Analyzing GitHub with the search API
The Net::GitHub module provides a perly interface to GitHub’s feature-rich API. You can do everything with it, from creating new repos to managing issues and initiating pull requests. Today I’m going to focus on search.
Setup
Grab yourself a copy of Net::GitHub (make sure it’s version 0.68 or higher). The CPAN Testers results show that it builds on all major platforms, including Windows. You can install it via from CPAN at the command line:
$ cpan Net::GitHub
First steps
First we need to create a search object. You can search GitHub anonymously up to 5 times per minute or if you authenticate, 20 times per minute. The module documentation shows examples of how to authenticate, so we’ll proceed here unauthenticated.
use Net::GitHub::V3;
# unauthenticated
my $gh = Net::GitHub::V3->new;
my $search = $gh->search;
my %data = $search->repositories({ q => 'docker'});
The code above creates a $search
object, and initiates a repo search for docker. The %data
hash contains the search results.
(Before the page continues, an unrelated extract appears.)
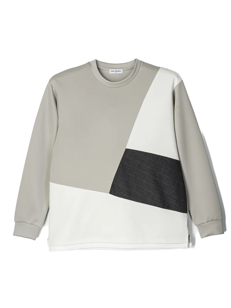 【ルイシャブロン】異素材ブロッキングレイヤードT(L.グレー)
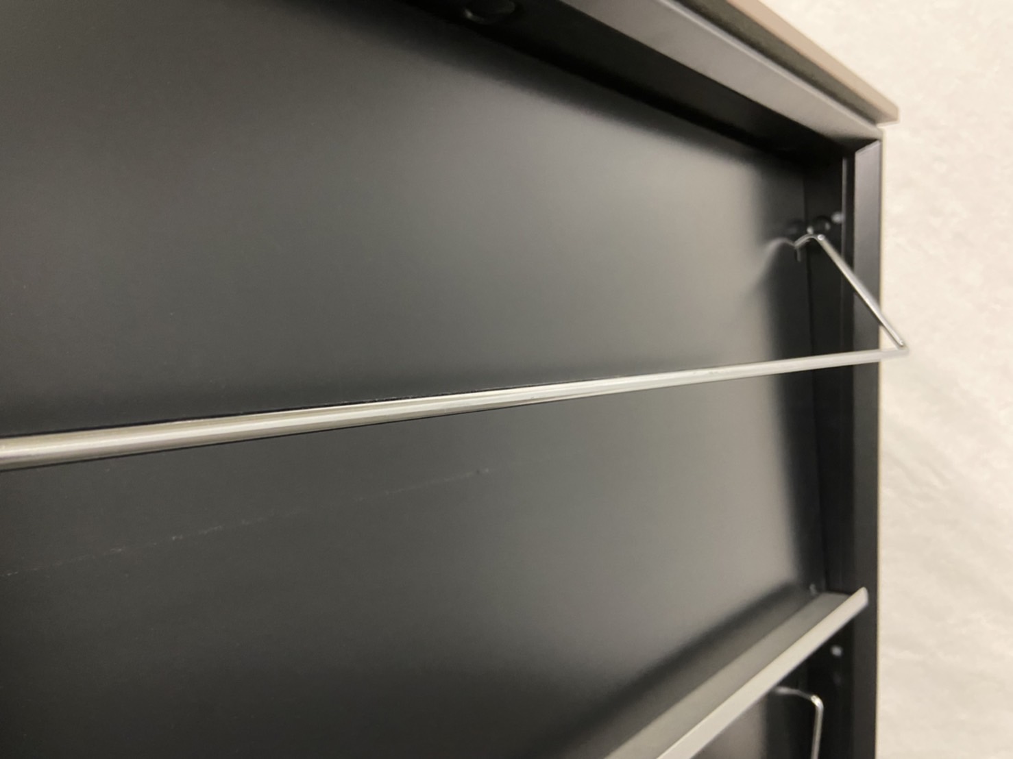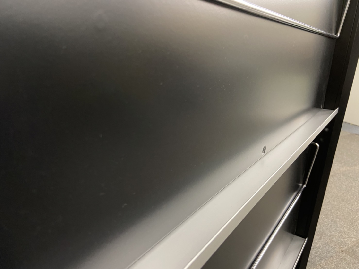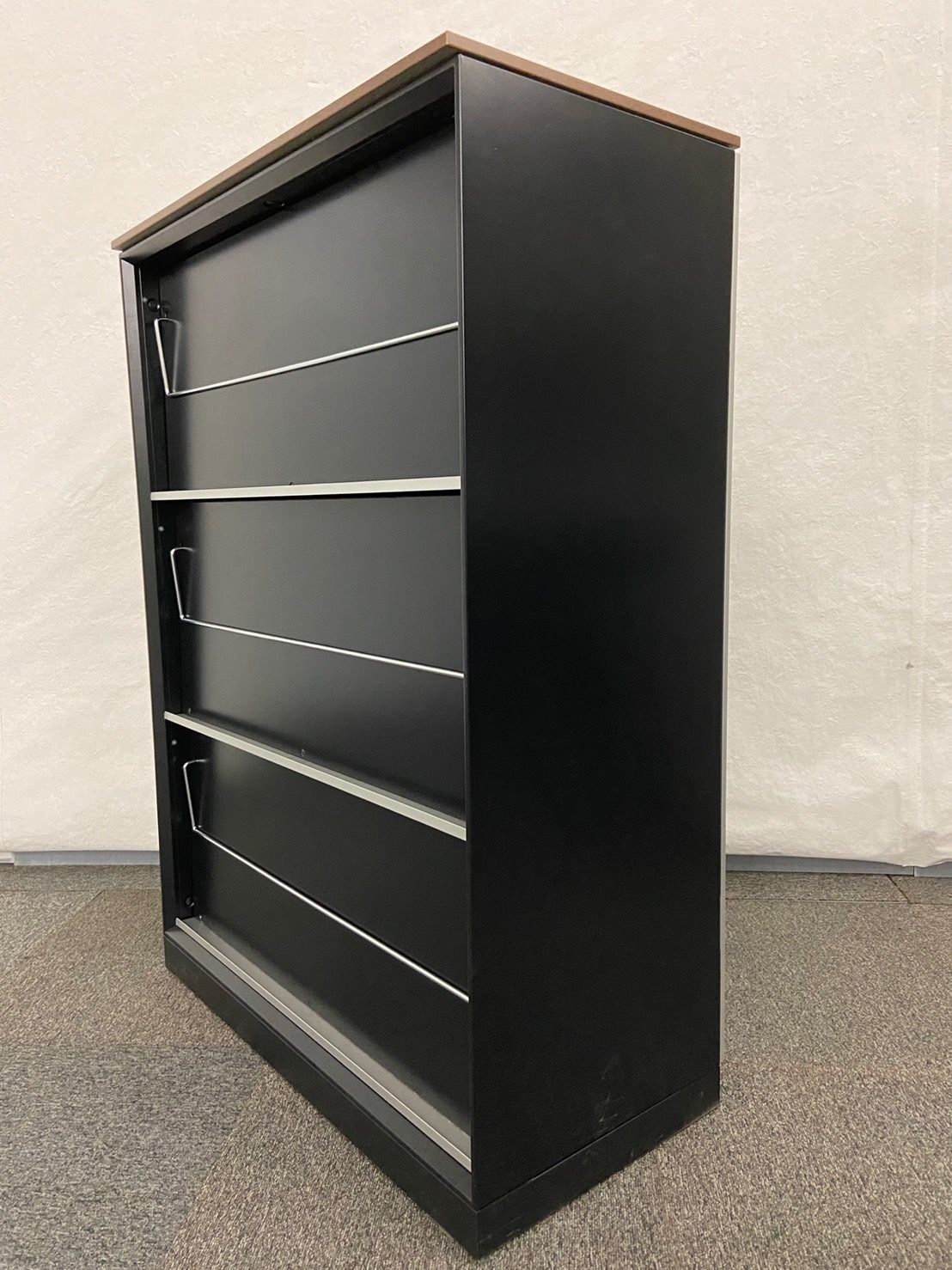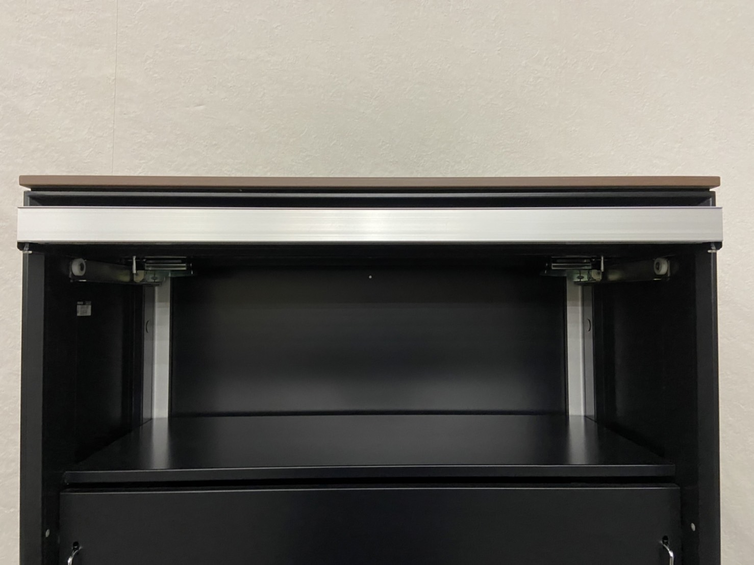 【関東倉庫在庫品】中古品では珍しい!オカムラ製・3段雑誌架タイプ!ブラックカラーで高級感あるデザインです!雑誌・パンフレッド等々、扉を開けると収納でき、オフィスの雰囲気を変えたい方におすすめとなっております!! 弊社使用欄【A00819562】- 全店共通商品

Let’s have a look at them:
{'incomplete_results' => bless( do{\(my $o = 0)}, 'JSON::XS::Boolean' ),
'total_count' => 12830,
'items' => [ {
'open_issues_count' => 771,
'url' => 'https://api.github.com/repos/docker/docker',
'has_downloads' => bless( do{\(my $o = 1)}, 'JSON::XS::Boolean' ),
'tags_url' => 'https://api.github.com/repos/docker/docker/tags',
'forks_count' => 2794,
'has_issues' => $VAR1->{'items'}[0]{'has_downloads'},
'clone_url' => 'https://github.com/docker/docker.git',
'name' => 'docker',
'private' => $VAR1->{'incomplete_results'},
'watchers_count' => 14846,
'pushed_at' => '2014-09-05T00:32:46Z',
'description' => 'Docker - the open-source application container engine',
'updated_at' => '2014-09-04T21:59:25Z',
'html_url' => 'https://github.com/docker/docker',
'stargazers_count' => 14846,
'size' => 135198,
'watchers' => 14846,
'created_at' => '2013-01-18T18:10:
'open_issues' => 771,
'language' => 'Go',
'git_url' => 'git://github.com/docker/docker.
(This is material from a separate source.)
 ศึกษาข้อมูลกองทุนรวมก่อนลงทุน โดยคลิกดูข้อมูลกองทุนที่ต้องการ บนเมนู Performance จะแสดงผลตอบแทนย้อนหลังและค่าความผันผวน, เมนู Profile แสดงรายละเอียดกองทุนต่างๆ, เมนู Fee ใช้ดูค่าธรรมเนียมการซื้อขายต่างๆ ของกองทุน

'full_name' => 'docker/docker',
'homepage' => 'http://www.docker.com',
'forks' => 2794,
'score' => '89.950935',
...
},
]
};
I’ve truncated the results for the sake of brevity, to show the top level key values and one simplified repo:
incomplete_results
is a key value pair that returns a boolean true if the are more search results than those returned by the searchtotal_count
shows the total number of repos returned by the searchitems
is the interesting one - it’s an arrayref of repo hashes
Getting more results
Let’s update the code to pull more results. GitHub permits up to 100 results per API call and a 1,000 results per search.
use Net::GitHub::V3;
my $gh = Net::GitHub::V3->new;
my $search = $gh->search;
my @data = @{ $search->repositories({ q => 'docker',
per_page => 100 })->{items} };
while ($search->has_next_page) {
sleep 12; # 5 queries max per minute
push @data, @{ $search->next_page->{items} };
}
The code above executes the same search as before, except now I’m passing the per_page
parameter to get 100 results per call. I also extract the items
arrayref directly into the @data
array. The while loop will continue to call the search API until no further results are returned or we hit the 1,000 result limit.
Analyzing the data
So now we have a full set of results in , what can we do with it? One analysis that could be interesting is a count by programming language. Every repo hash contains a language
key value pair, so we can extract and count it. Lets see which language most docker-related repos are written in.
use Net::GitHub::V3;
my $gh = Net::GitHub::V3->new;
my $search = $gh->search;
my @data = @{ $search->repositories({ q => 'docker+created:>2014-09-01',
per_page => 100 })->{items} };
while ($search->has_next_page) {
sleep 12; # 5 queries max per minute
push @data, @{ $search->next_page->{items} };
}
my %languages;
for my $repo (@data) {
my $language = $repo->{language} ? $repo->{language} : 'Other';
$languages{ $language }++;
}
for (sort { $languages{$b} <=> $languages{$a} } keys %languages) {
printf "%10s: %5i\n", $_, $languages{$_};
}
Let’s walk through this code. First of all, I changed the search argument to limit results to repos created since September 2014 using the created
qualifier. This was to ensure we didn’t hit the 1,000 result search limit. The GitHub search API supports a whole range of useful search qualifiers (although it’s not documented, created
will take a full timestamp like 2014-09-01T00:00:00Z
).
Next I declared the %languages
hash and iterated through the results, extracting each repo’s language. Where language was undef
, I labelled the repo “Other”. Finally I sorted the results and printed them using printfto get a nicely formatted output. Here are the results:
Shell: 238
Other: 58
Python: 13
Ruby: 10
JavaScript: 8
Go: 6
Perl: 2
PHP: 2
Clojure: 1
Java: 1
Perhaps as is to be expected, the results show shell programs dominating the Docker space in September.
Further Info
GitHub’s search API supports more than just repo search. You can search issues, code and users as well. Check out the official GitHub search API documentation for more examples.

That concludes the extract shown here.